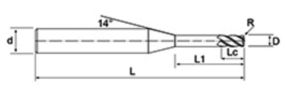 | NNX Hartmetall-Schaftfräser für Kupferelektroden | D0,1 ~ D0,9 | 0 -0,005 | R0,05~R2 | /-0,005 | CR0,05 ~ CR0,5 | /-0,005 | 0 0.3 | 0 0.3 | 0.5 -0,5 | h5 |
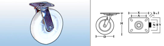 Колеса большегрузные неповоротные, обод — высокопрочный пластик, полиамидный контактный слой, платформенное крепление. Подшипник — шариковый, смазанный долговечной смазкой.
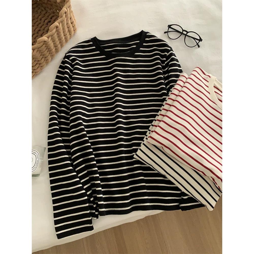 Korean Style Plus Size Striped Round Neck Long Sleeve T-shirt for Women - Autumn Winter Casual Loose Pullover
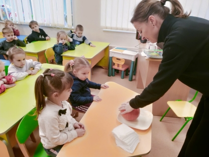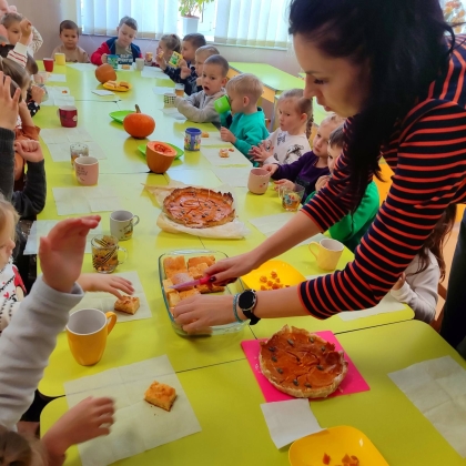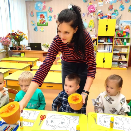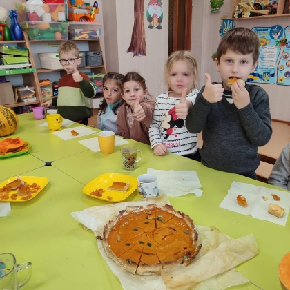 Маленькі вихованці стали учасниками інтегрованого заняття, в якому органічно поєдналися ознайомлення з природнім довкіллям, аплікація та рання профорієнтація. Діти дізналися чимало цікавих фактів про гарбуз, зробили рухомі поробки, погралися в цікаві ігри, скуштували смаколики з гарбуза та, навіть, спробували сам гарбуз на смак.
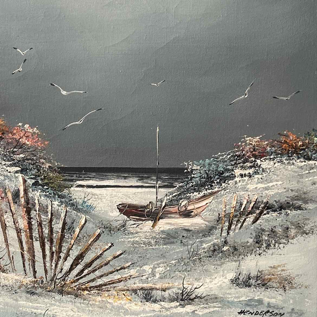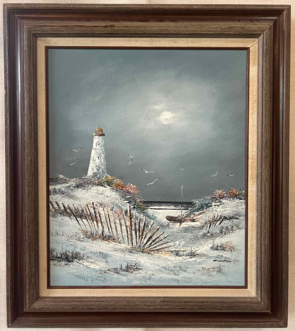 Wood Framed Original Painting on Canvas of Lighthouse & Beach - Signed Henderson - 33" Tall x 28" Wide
--
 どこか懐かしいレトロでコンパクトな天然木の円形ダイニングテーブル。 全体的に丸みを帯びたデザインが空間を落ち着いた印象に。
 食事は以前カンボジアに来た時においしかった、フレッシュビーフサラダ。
--
EXERCISE OBJECTIVE: In the entries above, find the line with "どこか懐かしいレトロでコンパ" and the line with "食事は以前カンボジアに来た時においしかった、フレッシュビーフサラダ。", then set down exactly those two and every line between them, nothing else.

OUTPUT OF THE TASK:
 どこか懐かしいレトロでコンパクトな天然木の円形ダイニングテーブル。 全体的に丸みを帯びたデザインが空間を落ち着いた印象に。
 食事は以前カンボジアに来た時においしかった、フレッシュビーフサラダ。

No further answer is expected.